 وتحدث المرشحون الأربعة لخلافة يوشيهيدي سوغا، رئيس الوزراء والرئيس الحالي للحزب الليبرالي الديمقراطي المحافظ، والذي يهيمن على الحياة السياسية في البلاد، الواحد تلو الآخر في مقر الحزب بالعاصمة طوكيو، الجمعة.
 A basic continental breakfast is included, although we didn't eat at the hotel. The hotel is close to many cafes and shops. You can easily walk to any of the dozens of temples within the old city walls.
======
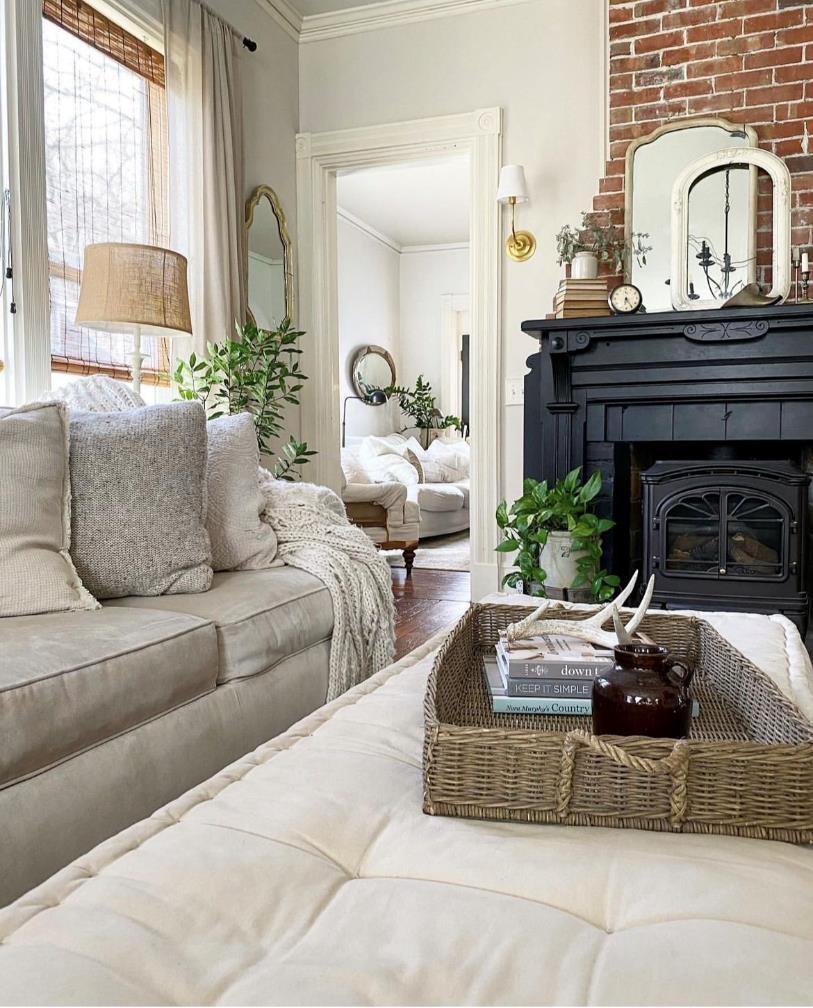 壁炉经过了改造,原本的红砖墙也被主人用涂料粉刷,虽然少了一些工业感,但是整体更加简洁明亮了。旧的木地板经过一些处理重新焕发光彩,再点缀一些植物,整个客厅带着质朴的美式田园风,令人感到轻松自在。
======
## Problem
In the material above, locate the line containing "وتحدث المرشحون الأربعة" and the line containing "A basic continental". Transcribe exactly those two lines and every line between them, and nothing more.

## Task answer
 وتحدث المرشحون الأربعة لخلافة يوشيهيدي سوغا، رئيس الوزراء والرئيس الحالي للحزب الليبرالي الديمقراطي المحافظ، والذي يهيمن على الحياة السياسية في البلاد، الواحد تلو الآخر في مقر الحزب بالعاصمة طوكيو، الجمعة.
 A basic continental breakfast is included, although we didn't eat at the hotel. The hotel is close to many cafes and shops. You can easily walk to any of the dozens of temples within the old city walls.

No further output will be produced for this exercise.